**Supplied data**
---+---
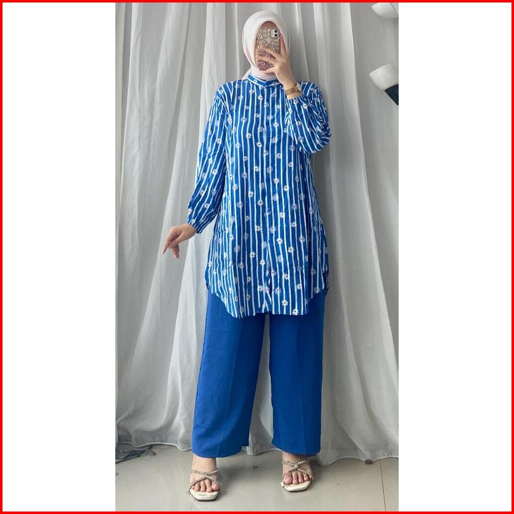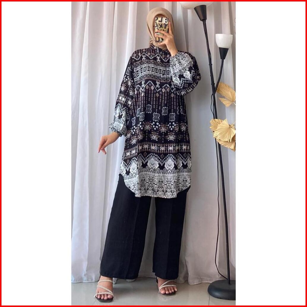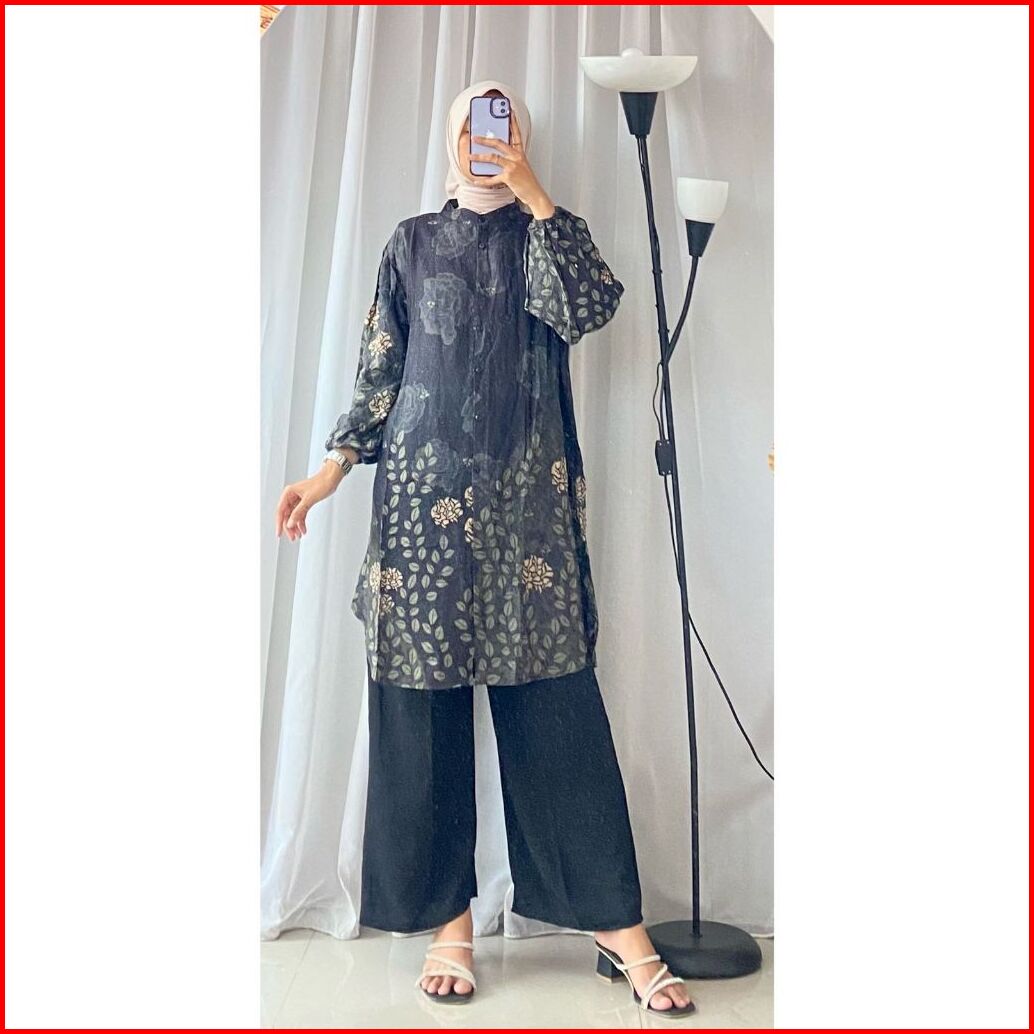 Setelan Tunik Raysha Motif Rayon Mix Crinkle Outfit Wanita Mode Kekinian Insprirasi Outfit Wanita
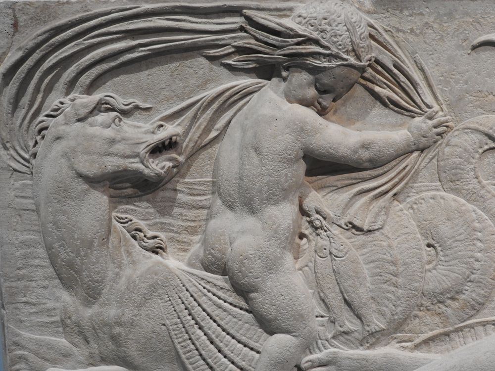 Die drei unteren horizontalen Reliefs, heute in der Ausstellung und dann im Louvre zu bewundern, verherrlichen die Ozeane: Das verdeutlichen die wilden Geschöpfe, auf denen kleine Genien reiten:
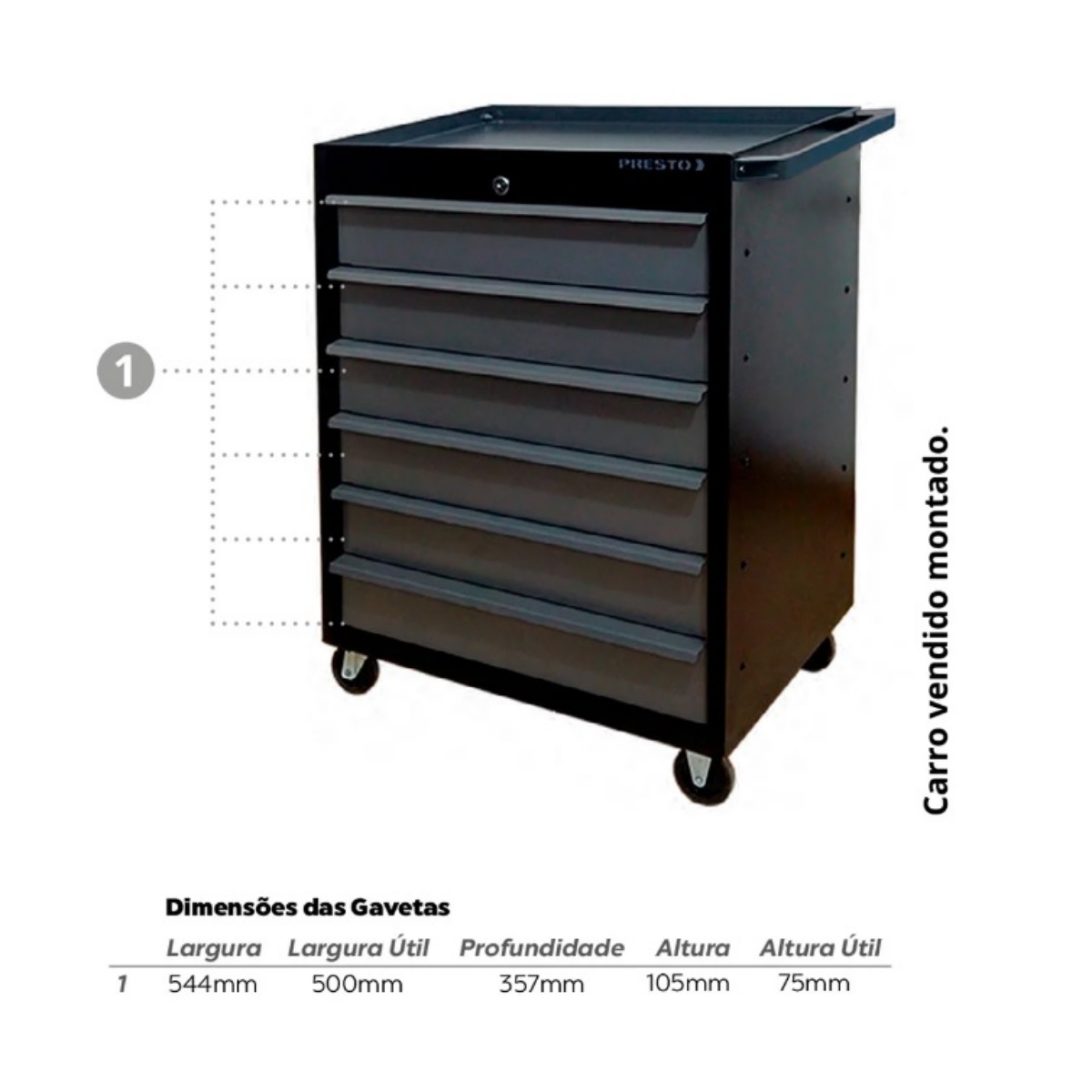 Cód. Fornecedor: 91025Marca: Presto Descrição O Carro para Ferramentas Profissional da Presto com 6 gavetas é robusto e funcional. Tem capacidade de carga de até 250kg distribuídos e permite o acondicionamento e transporte, já que conta com 4 rodízios de 4”, sendo 2 fixos e 2 giratórios com freio.VantagensPrático para expor em ShowroomMaior resistência e durabilidade: tratamento químico antiferruginoso, fosfatizante e pintura eletrostática a póBandeja reforçadaGavetas com corrediças telescópicas de esferasRodízio de 4″Fechamento único para todas gavetas Detalhes Técnicos Largura: 60 +10 cmAltura: 84 cmProfundidade: 40 cmPeso: 39,814kgCarga máxima: 250kg distribuídos
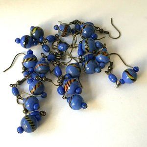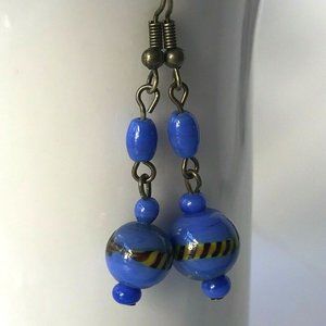 Vintage Blue Murano Glass Bead Earrings Dangle Montana Gold Plated
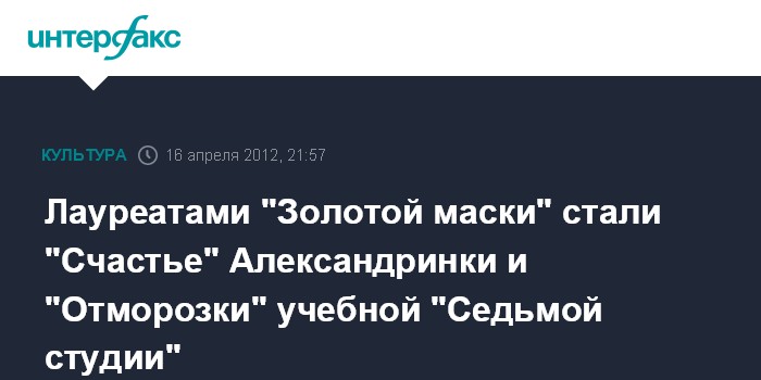 Лауреатами "Золотой маски" стали "Счастье" Александринки и "Отморозки" учебной "Седьмой студии"
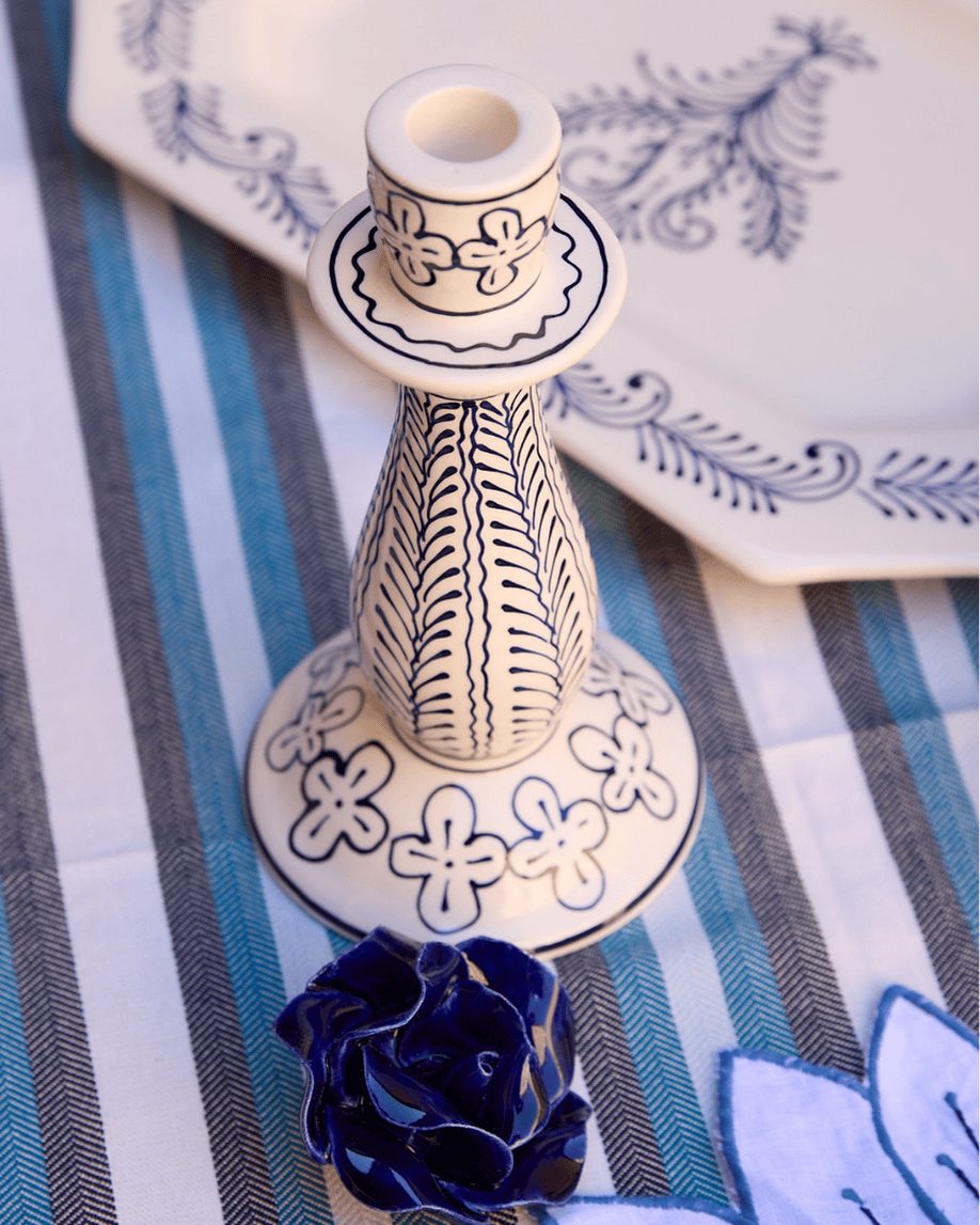 Ceramic candlestick hand-painted in blue.
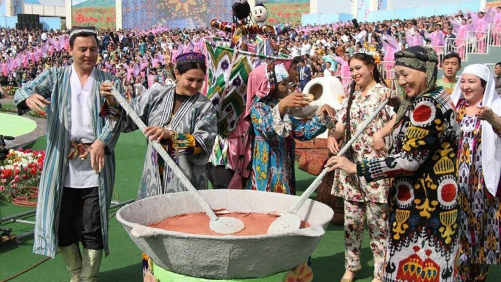 В некоторых районах Узбекистана и сегодня сохраняется обычай: жених и невеста обходят вокруг пламени три раза, прежде чем войти в дом. Этот ритуал означает очищение и начало новой жизни.
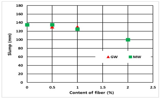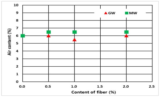 Slump is a property that is directly related to the workability of concrete and affects the compactibility and pumpability of the mixture. Therefore, excessive compression energy may be required when placing concrete mixtures that do not satisfy the designed slump, which may induce material separation of concrete, resulting in a decrease in strength and durability. As the addition rate of fibers in concrete increases, the viscosity of the mixture increases and the slump decreases []. Therefore, it can be said that fiber-reinforced concrete shows a different slump behavior from ordinary concrete, and as the fiber addition rate increases, measures such as increasing the unit water or increasing the use of water reducer are applied to satisfy the design slump. This test was conducted for the purpose of evaluating flow properties of fresh concrete according to the type and addition rate of waste fiber wool by KS F 2402. The air content of concrete has a great influence on durability such as freezing–thawing resistance as well as strength. If the air content is excessively dispersed in concrete, the strength of the concrete will decrease significantly, making it difficult to meet the strength standards, and it may also have a negative impact on durability. Thus, when concrete is placed in the cold region, an air entraining agent is added to most concrete to ensure freezing–thawing resistance []. It is commonly known that the freezing–thawing resistance of concrete is the best at the air content within 6% []. The air content is a measure to evaluate durability of concrete when it is not hardened. This test was conducted to examine the change in air content when waste glass wool and mineral wool were added to the concrete. The test method was conducted according to KS F 2421.
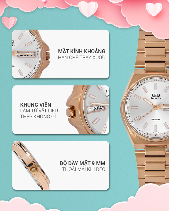 - Sau hơn 40 năm thành lập, đồng hồ Q&Q đã được người dân ở hơn 120 quốc gia mua và yêu thích.
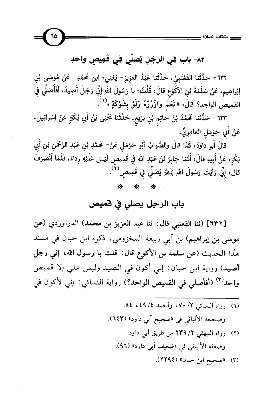 632 - حَدَّثَنا القَعْنَبِيُّ، حَدَّثَنا عَبْدُ العَزِيزِ -يَعْنِي: ابن مُحَمَّدٍ- عَنْ مُوسَى بْنِ إِبْراهِيمَ، عَنْ سَلَمَةَ بْنِ الأَكْوَعِ قال: قُلْتُ: يا رَسُولَ اللهِ إِنِّي رَجُلٌ أَصِيدُ، أَفأُصَلِّي فِي القَمِيصِ الواحِدِ؟ قال: "نَعَمْ وازْرُرْهُ وَلَوْ بِشَوْكَةٍ" (¬1).
---+---
**Task to carry out**
Print exactly the lines from the first line of the records above through the line containing "В некоторых районах", leaving out the pictures.

**Output of the task**
 Setelan Tunik Raysha Motif Rayon Mix Crinkle Outfit Wanita Mode Kekinian Insprirasi Outfit Wanita
 Die drei unteren horizontalen Reliefs, heute in der Ausstellung und dann im Louvre zu bewundern, verherrlichen die Ozeane: Das verdeutlichen die wilden Geschöpfe, auf denen kleine Genien reiten:
 Cód. Fornecedor: 91025Marca: Presto Descrição O Carro para Ferramentas Profissional da Presto com 6 gavetas é robusto e funcional. Tem capacidade de carga de até 250kg distribuídos e permite o acondicionamento e transporte, já que conta com 4 rodízios de 4”, sendo 2 fixos e 2 giratórios com freio.VantagensPrático para expor em ShowroomMaior resistência e durabilidade: tratamento químico antiferruginoso, fosfatizante e pintura eletrostática a póBandeja reforçadaGavetas com corrediças telescópicas de esferasRodízio de 4″Fechamento único para todas gavetas Detalhes Técnicos Largura: 60 +10 cmAltura: 84 cmProfundidade: 40 cmPeso: 39,814kgCarga máxima: 250kg distribuídos
 Vintage Blue Murano Glass Bead Earrings Dangle Montana Gold Plated
 Лауреатами "Золотой маски" стали "Счастье" Александринки и "Отморозки" учебной "Седьмой студии"
 Ceramic candlestick hand-painted in blue.
 В некоторых районах Узбекистана и сегодня сохраняется обычай: жених и невеста обходят вокруг пламени три раза, прежде чем войти в дом. Этот ритуал означает очищение и начало новой жизни.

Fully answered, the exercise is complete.